#### [PROBLEM STATEMENT]
Apart from the pictures, every part of the records below gets retyped exactly.

DATA PROVIDED Start Marker

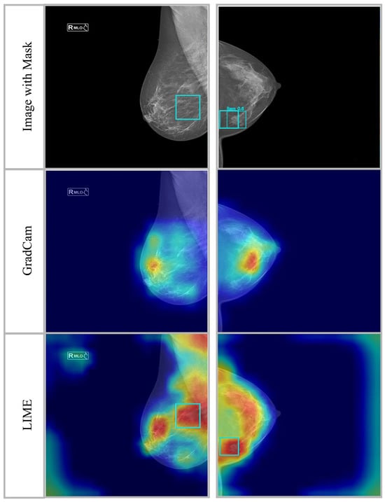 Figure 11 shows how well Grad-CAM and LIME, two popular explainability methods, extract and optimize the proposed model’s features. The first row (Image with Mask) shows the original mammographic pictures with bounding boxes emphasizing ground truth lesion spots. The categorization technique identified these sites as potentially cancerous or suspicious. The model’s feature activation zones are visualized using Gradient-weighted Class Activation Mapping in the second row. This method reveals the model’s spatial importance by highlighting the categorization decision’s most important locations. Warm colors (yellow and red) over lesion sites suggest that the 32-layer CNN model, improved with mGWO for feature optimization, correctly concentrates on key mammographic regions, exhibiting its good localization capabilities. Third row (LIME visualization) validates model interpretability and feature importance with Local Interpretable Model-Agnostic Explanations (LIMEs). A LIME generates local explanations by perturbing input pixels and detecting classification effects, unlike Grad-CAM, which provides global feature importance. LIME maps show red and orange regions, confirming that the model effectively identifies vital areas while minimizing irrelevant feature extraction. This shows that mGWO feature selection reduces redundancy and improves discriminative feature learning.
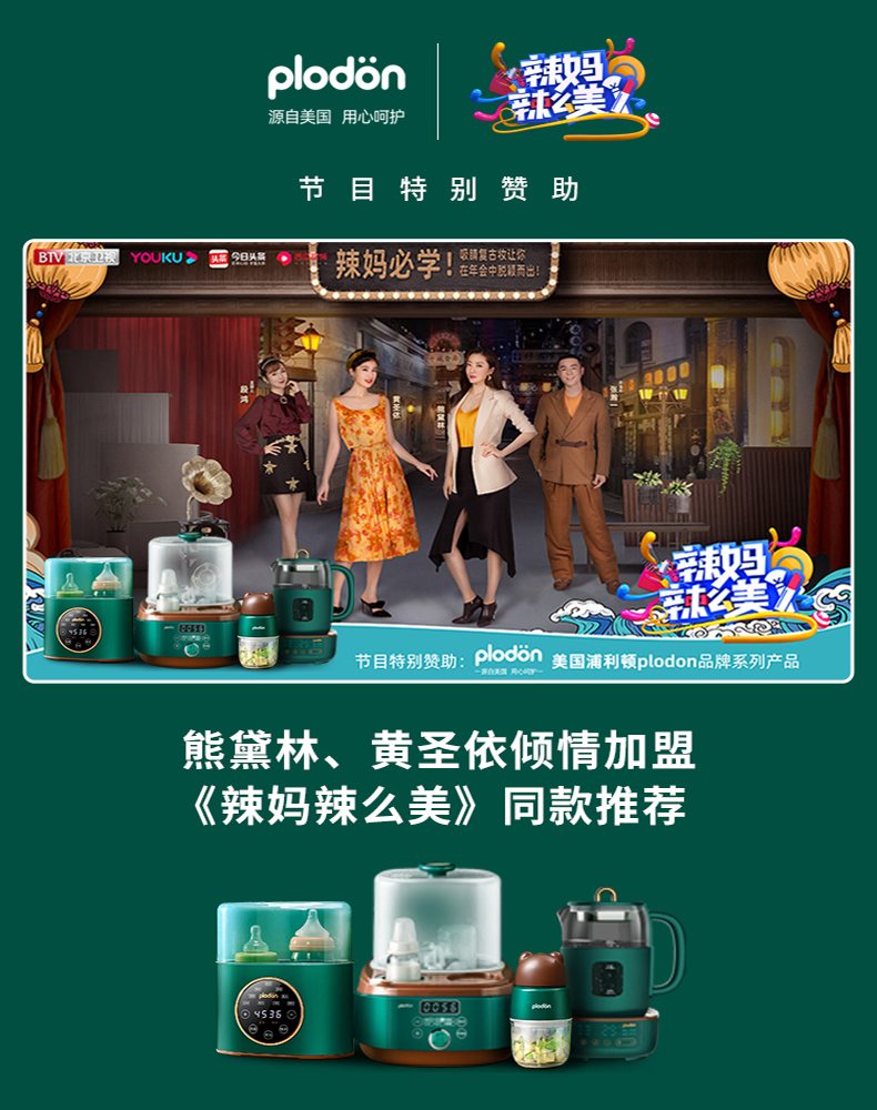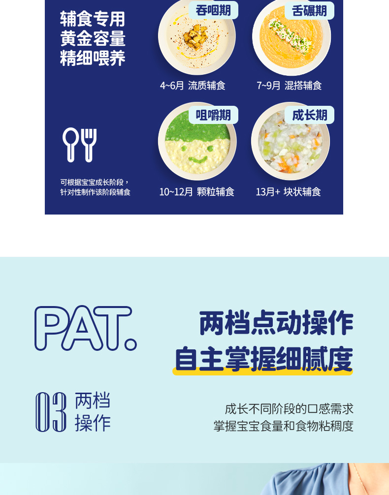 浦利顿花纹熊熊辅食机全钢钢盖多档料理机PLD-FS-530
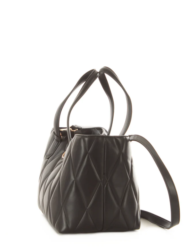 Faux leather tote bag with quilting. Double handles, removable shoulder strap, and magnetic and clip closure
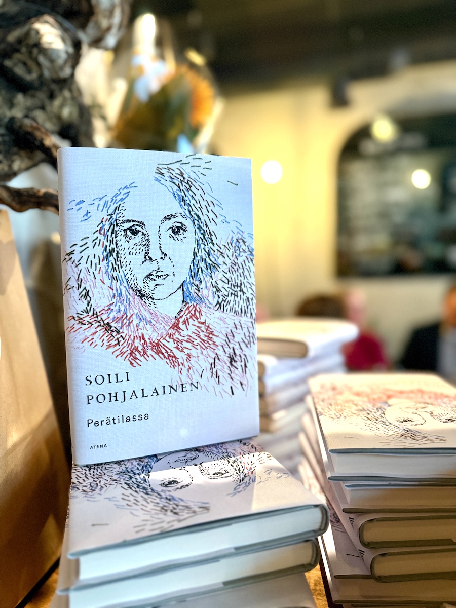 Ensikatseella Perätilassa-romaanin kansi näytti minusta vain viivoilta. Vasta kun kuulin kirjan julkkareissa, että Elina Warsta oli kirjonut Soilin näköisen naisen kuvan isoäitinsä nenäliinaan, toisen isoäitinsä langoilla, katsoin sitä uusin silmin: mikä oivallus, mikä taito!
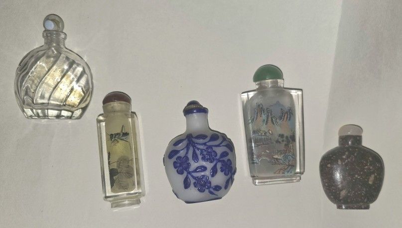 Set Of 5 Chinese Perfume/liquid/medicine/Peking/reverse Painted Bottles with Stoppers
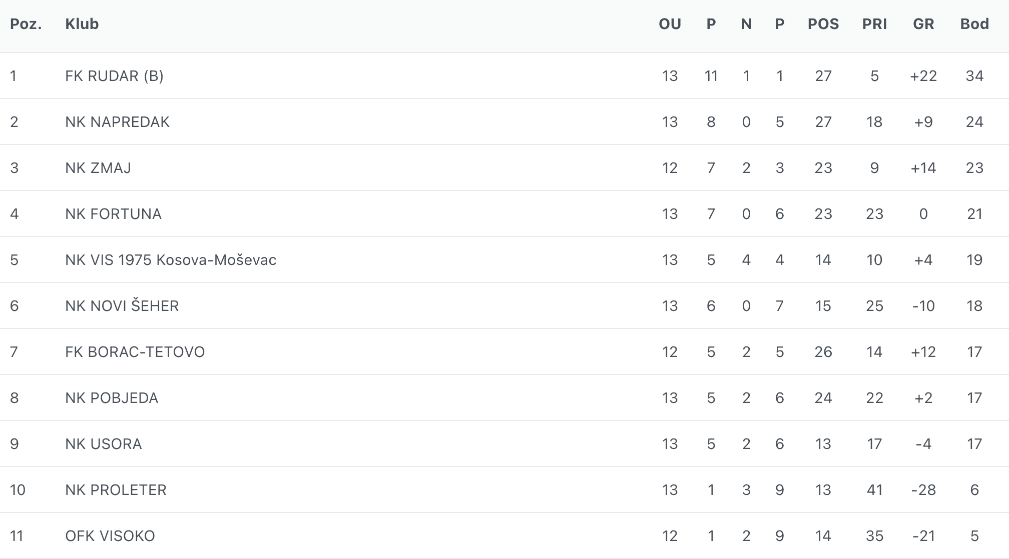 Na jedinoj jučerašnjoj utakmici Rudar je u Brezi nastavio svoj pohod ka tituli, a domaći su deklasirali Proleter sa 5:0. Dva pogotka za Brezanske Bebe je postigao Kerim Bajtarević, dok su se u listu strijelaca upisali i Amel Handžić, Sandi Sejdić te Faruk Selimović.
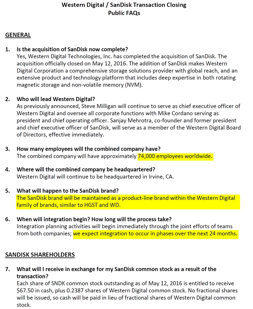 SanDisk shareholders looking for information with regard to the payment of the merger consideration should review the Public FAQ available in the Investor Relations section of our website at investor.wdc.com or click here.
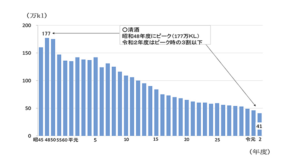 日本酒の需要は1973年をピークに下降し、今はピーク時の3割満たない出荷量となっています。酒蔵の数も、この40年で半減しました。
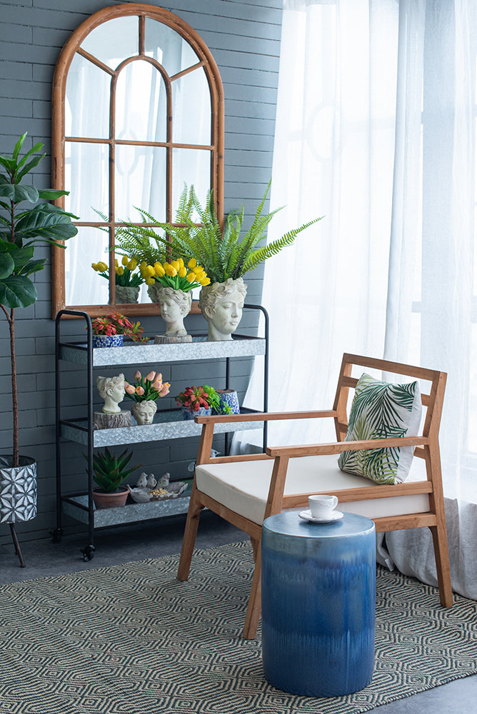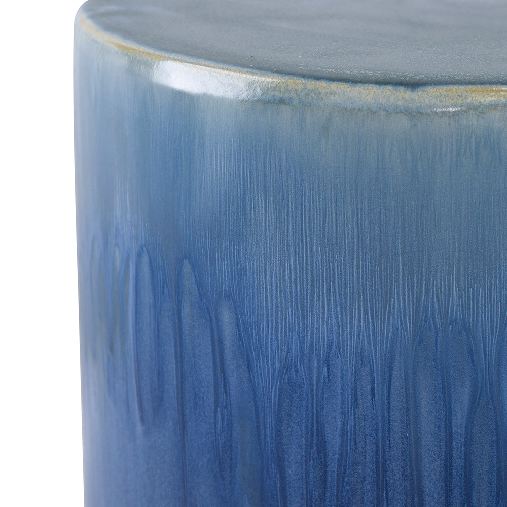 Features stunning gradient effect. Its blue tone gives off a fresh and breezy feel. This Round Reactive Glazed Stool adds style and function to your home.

DATA PROVIDED End Marker

#### [ANSWER TO THE EXERCISE]
 Figure 11 shows how well Grad-CAM and LIME, two popular explainability methods, extract and optimize the proposed model’s features. The first row (Image with Mask) shows the original mammographic pictures with bounding boxes emphasizing ground truth lesion spots. The categorization technique identified these sites as potentially cancerous or suspicious. The model’s feature activation zones are visualized using Gradient-weighted Class Activation Mapping in the second row. This method reveals the model’s spatial importance by highlighting the categorization decision’s most important locations. Warm colors (yellow and red) over lesion sites suggest that the 32-layer CNN model, improved with mGWO for feature optimization, correctly concentrates on key mammographic regions, exhibiting its good localization capabilities. Third row (LIME visualization) validates model interpretability and feature importance with Local Interpretable Model-Agnostic Explanations (LIMEs). A LIME generates local explanations by perturbing input pixels and detecting classification effects, unlike Grad-CAM, which provides global feature importance. LIME maps show red and orange regions, confirming that the model effectively identifies vital areas while minimizing irrelevant feature extraction. This shows that mGWO feature selection reduces redundancy and improves discriminative feature learning.
 浦利顿花纹熊熊辅食机全钢钢盖多档料理机PLD-FS-530
 Faux leather tote bag with quilting. Double handles, removable shoulder strap, and magnetic and clip closure
 Ensikatseella Perätilassa-romaanin kansi näytti minusta vain viivoilta. Vasta kun kuulin kirjan julkkareissa, että Elina Warsta oli kirjonut Soilin näköisen naisen kuvan isoäitinsä nenäliinaan, toisen isoäitinsä langoilla, katsoin sitä uusin silmin: mikä oivallus, mikä taito!
 Set Of 5 Chinese Perfume/liquid/medicine/Peking/reverse Painted Bottles with Stoppers
 Na jedinoj jučerašnjoj utakmici Rudar je u Brezi nastavio svoj pohod ka tituli, a domaći su deklasirali Proleter sa 5:0. Dva pogotka za Brezanske Bebe je postigao Kerim Bajtarević, dok su se u listu strijelaca upisali i Amel Handžić, Sandi Sejdić te Faruk Selimović.
 SanDisk shareholders looking for information with regard to the payment of the merger consideration should review the Public FAQ available in the Investor Relations section of our website at investor.wdc.com or click here.
 日本酒の需要は1973年をピークに下降し、今はピーク時の3割満たない出荷量となっています。酒蔵の数も、この40年で半減しました。
 Features stunning gradient effect. Its blue tone gives off a fresh and breezy feel. This Round Reactive Glazed Stool adds style and function to your home.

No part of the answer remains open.